I think if you create a record on your server for each user (identified by some user ID) and you store the user's email address in that record, then you must disclose that fact.
You have to disclose this, but the problem is the question following this. If you collect the email address, Apple wants to know if you use this to link to the user’s identity. And this is where it’s confusing. Without a definition of "identity", I don’t know if I answer this question properly.
If the same person registers two accounts with two email addresses, but provides the same information for both, would you know that they're the same person?
If the same person registers two accounts with two email addresses, but provides the same mailing address for both, and you send a postal catalog to each of them, would your systems detect the duplication and only send one catalog?
If either Yes, and for some companies it's both Yes, then you are linking their email address to their identity — their personhood, their struct {} of data fields.
If either No, and for many companies it's both No, then you are not linking their email address to their identity.

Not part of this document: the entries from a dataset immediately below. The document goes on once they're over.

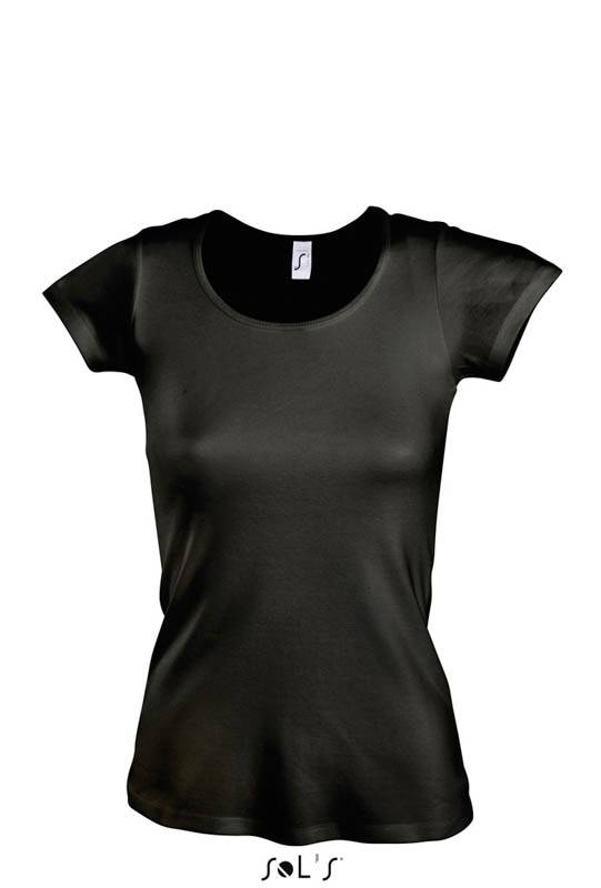 Женская футболка к круглым воротом SOL’S MOODY. Стиль: женственный и модный, облегающая модель, отделка по линии горловины. Материал: резинка 1X1 160. 100% хлопок. Укрепляющая тонкая резинка по вороту.
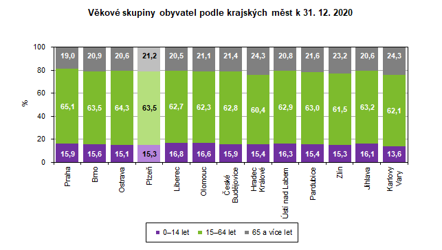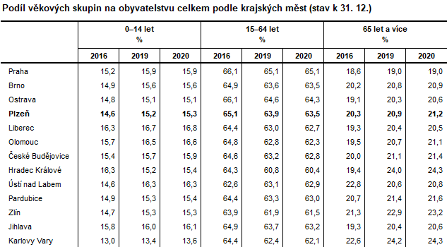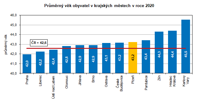Mezi krajská města s nejvyšším průměrným věkem obyvatel patřily Karlovy Vary (45,5 let) a Hradec Králové (44,4 let). V porovnání s průměrným věkem obyvatel v ČR (42,6 let) žili v Karlových Varech obyvatelé starší v průměru téměř o tři roky a v Hradci Králové o dva roky. Naopak nejnižší průměrný věk obyvatel měla Praha (42,0 let) a Liberec (42,2 let). Město Plzeň se řadí ke krajským městům se starší populací. Průměrný věk obyvatel Plzně činil 43,2 let a oproti průměru ČR byl vyšší o 0,6 roku. Plzeň se stala pátým nejstarším krajským městem v ČR.
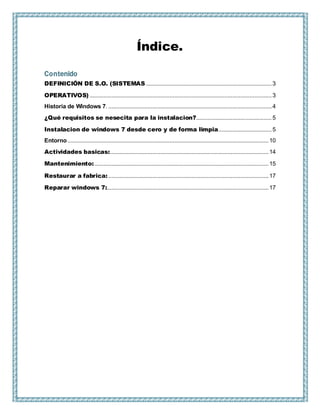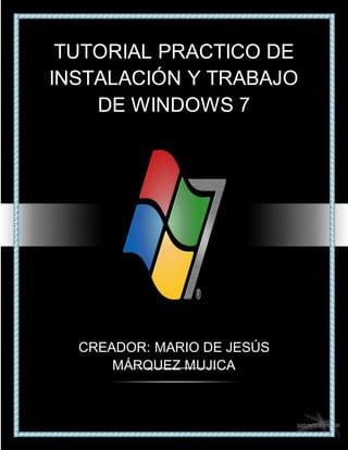 Este documento proporciona instrucciones para instalar y usar Windows 7. Explica cómo instalar Windows 7 de forma limpia, incluidos los pasos y configuraciones requeridas como idioma, zona horaria, nombre de usuario y contraseña. También describe las partes principales del entorno de Windows 7 como el escritorio, barra de tareas y menú Inicio, así como actividades básicas y mantenimiento del sistema.
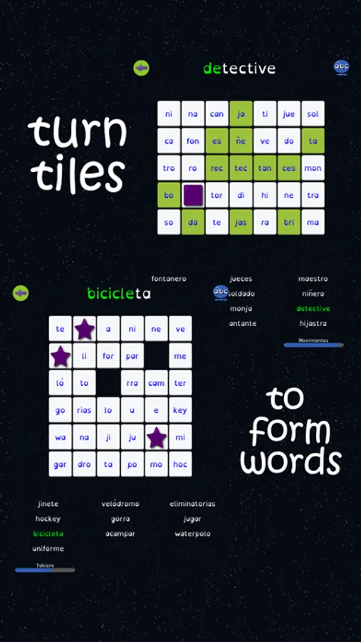 Sopa de Sílabas uses a unique memory card game and word search style game, that challenges players to form words by searching for syllables. Each of the 27 levels in Sopa de Sílabas provides increasing challenges to players.
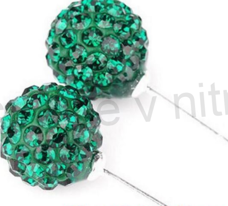 - Puzetové náušnice postříbřené s křišťálky CZ tmavě zelená (BB289)
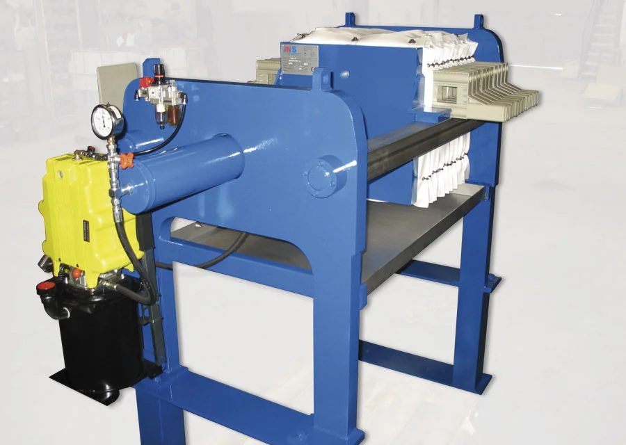 Filtro prensa semiautomático con grupo hidráulico motorizado y descarga de placas eficiente con mínima intervención.
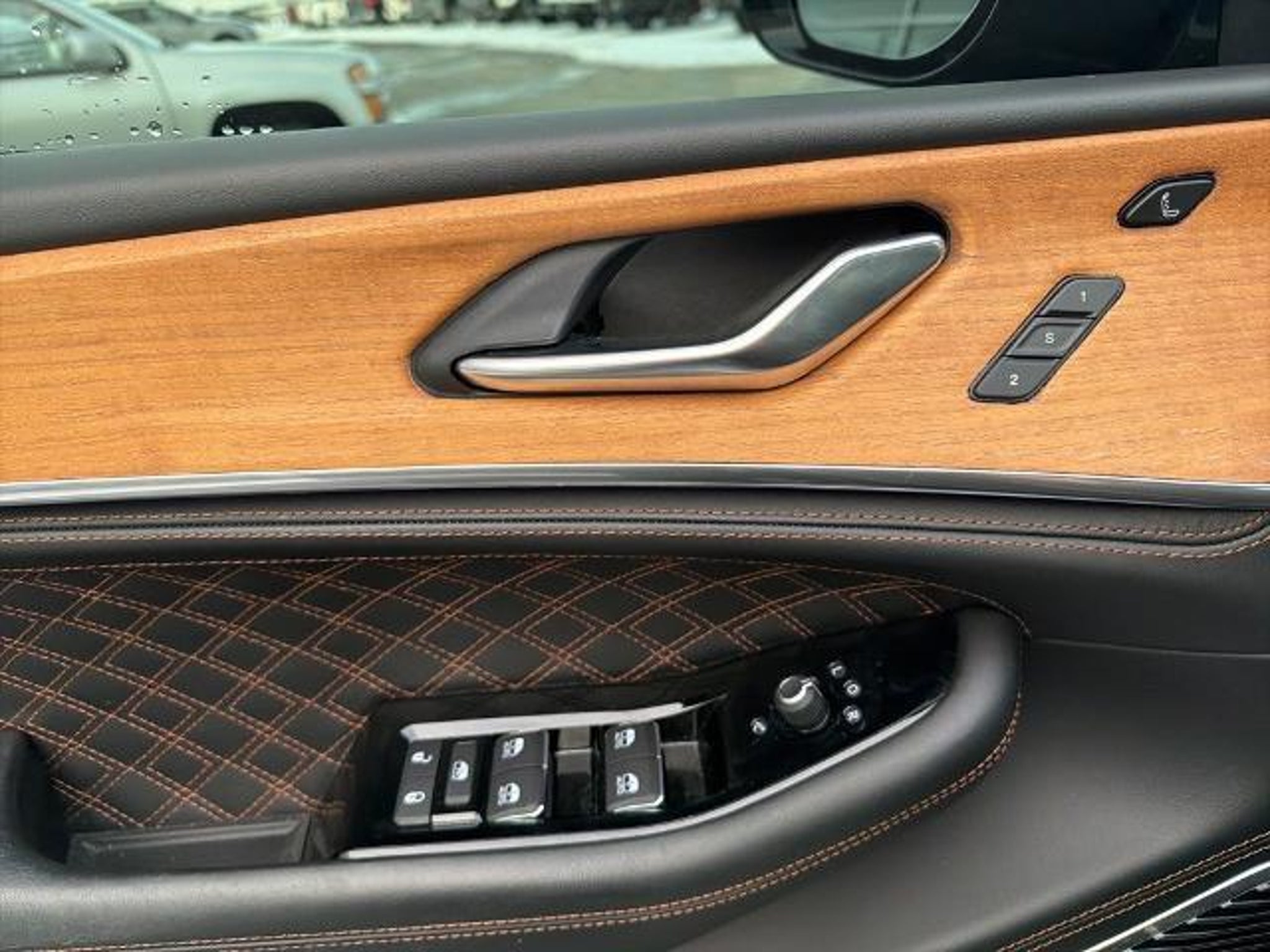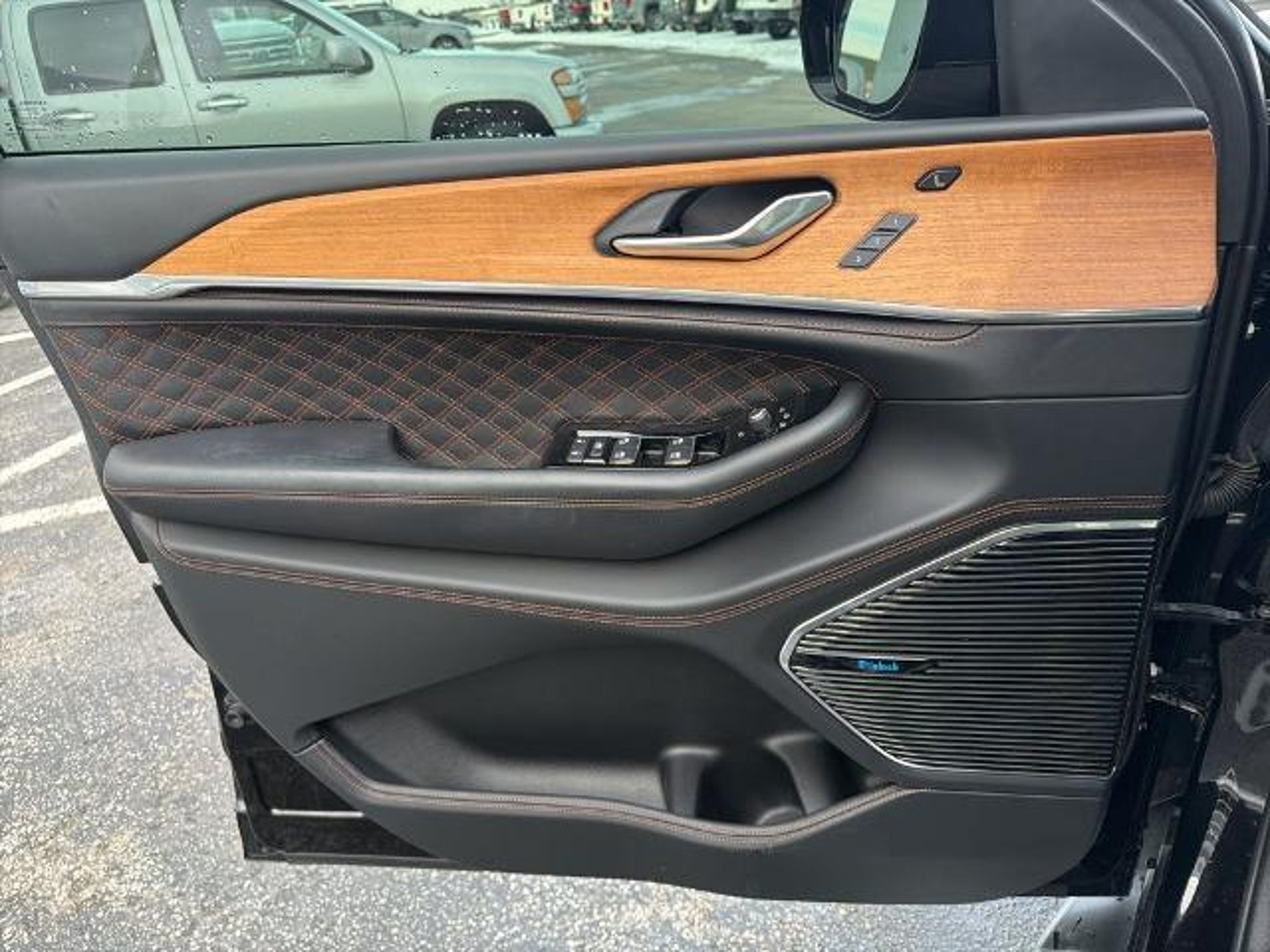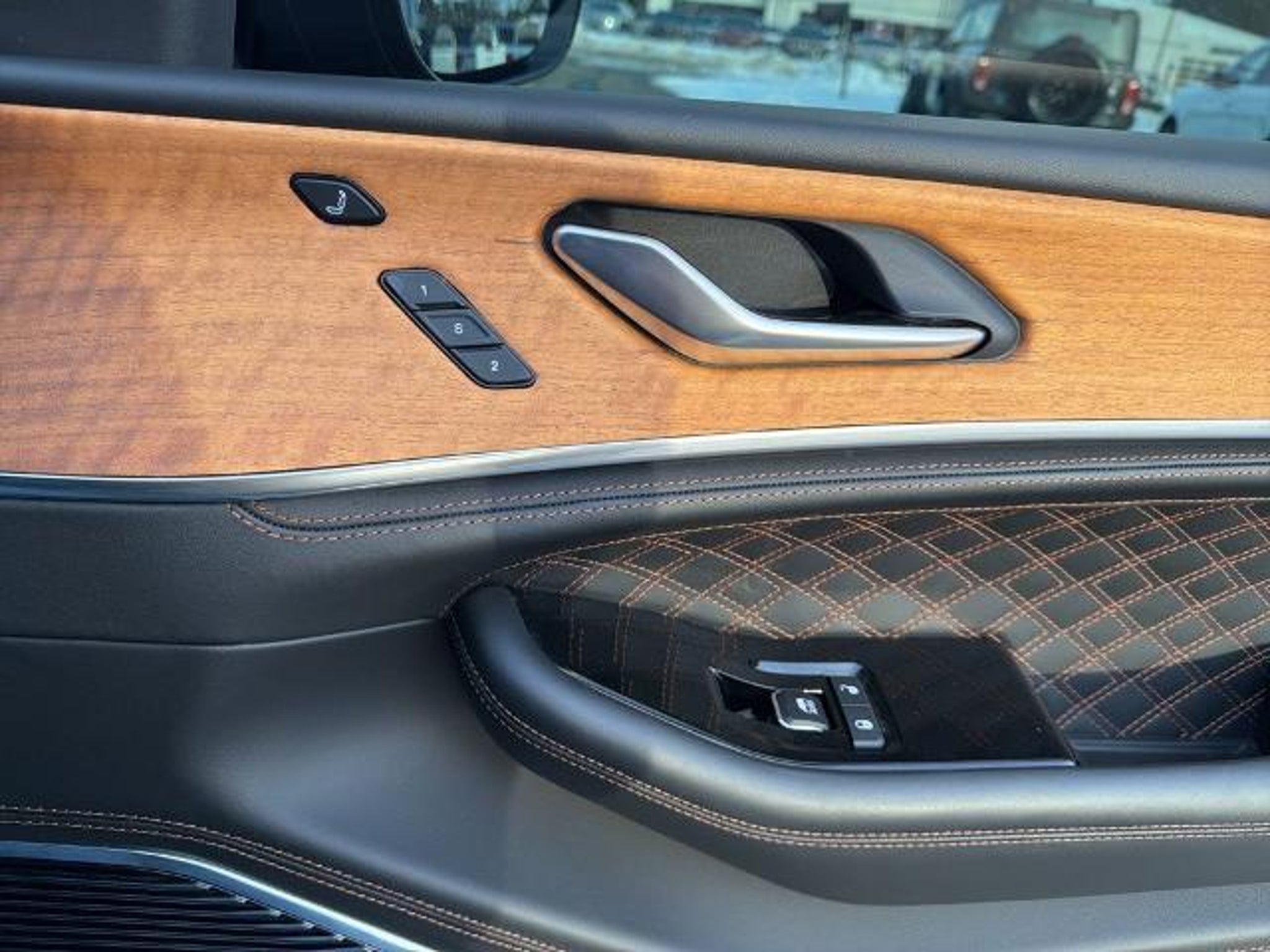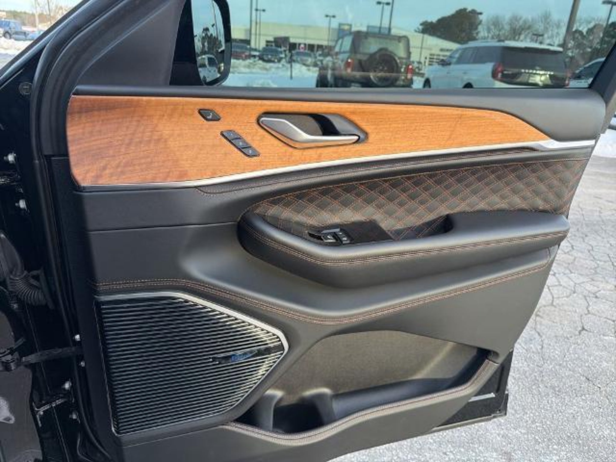 This 2022 Jeep Grand Cherokee L Summit in Diamond Black Crystal Pearlcoat comes with the following features: HEMI 5.7L V8 Multi Displacement VVT 8-Speed Automatic 4WD Advanced Protech Group IV (Heads-Up Display, Interior Rear Facing Camera, Night Vision/Pedestrian-Animal Detection, and Rearview Autodim Digital Display Mirror), Electronic Limited Slip Differential Delete (Conventional Differential Rear Axle), Luxury Tech Group V (2nd Row Manual Window Shades and Wireless Charging Pad), Quick Order Package 25U Summit Reserve (19 Speakers High Performance Audio, 950 Watt Amplifier, Active Noise Control System, Deluxe Headliner, Front Passenger Interactive Display, Palermo Leather Door Trim, Palermo Leather Seats, Summit Reserve, Summit Reserve Badge, Ventilated Rear Seats, and Wheels: 21 x 9.0 Machined Face/Painted Aluminum), Two Tone Paint Group, 10 Speakers, 3.45 Rear Axle Ratio, 3rd row seats: split-bench, 4-Wheel Disc Brakes, ABS brakes, Adaptive suspension, Air Conditioning, Alloy wheels, AM/FM radio: SiriusXM with 360L, Anti-whiplash front head restraints, Audio memory, Auto High-beam Headlights, Auto-dimming door mirrors, Auto-dimming Rear-View mirror, Auto-leveling suspension, Automatic temperature control, Brake assist, Bumpers: body-color, Compass, Delay-off headlights, Driver door bin, Driver vanity mirror, Dual front impact airbags, Dual front side impact airbags, Electronic Stability Control, Emergency communication system, Four wheel independent suspension, Front anti-roll bar, Front Bucket Seats, Front Center Armrest w/Storage, Front dual zone A/C, Front fog lights, Front reading lights, Fully automatic headlights, Garage door transmitter, Genuine wood dashboard insert, Genuine wood door panel insert, Heated door mirrors, Heated front seats, Heated rear seats, Heated steering wheel, Illuminated entry, Knee airbag, Leather steering wheel, Low tire pressure warning, Memory seat, MOPAR Bright Side Steps, Nappa Leather Seats, Navigation System, Normal Duty Suspension, Occupant sensing airbag, Outside temperature display, Overhead airbag, Overhead console, Panic alarm, Passenger door bin, Passenger vanity mirror, Power door mirrors, Power driver seat, Power Fold Seatbacks, Power Liftgate, Power moonroof, Power passenger seat, Power steering, Power windows, Radio data system, Radio: Uconnect 5 Nav w/10.1 Display, Rain sensing wipers, Rear air conditioning, Rear anti-roll bar, Rear dual zone A/C, Rear reading lights, Rear seat center armrest, Rear window defroster, Rear window wiper, Reclining 3rd ro

(Obviously having postal address creates other problems for you, I'm just trying to do my best to analogy here. For definite answers you presumably already have contacted Apple, as Apple is clearly reserving the right to make judgement calls when asked questions about this.)
> If the same person registers two accounts with two email addresses, but provides the same information for both, would you know that they're the same person?
Probably. I find it odd that Apple didn't choose words that are already clear with respect to privacy laws such as GDPR. The GDPR doesn't talk about identity. It defines personal data or personally identifiable information (PII). If you collect this data, you're subject to GDPR compliance.
Apple has a weird phrasing of this. You apparently can collect an email address, but not link it to an identity, which is different from collecting an email address and linking it to an identity. It's unclear to me what they mean by this and what "identity" is supposed to mean.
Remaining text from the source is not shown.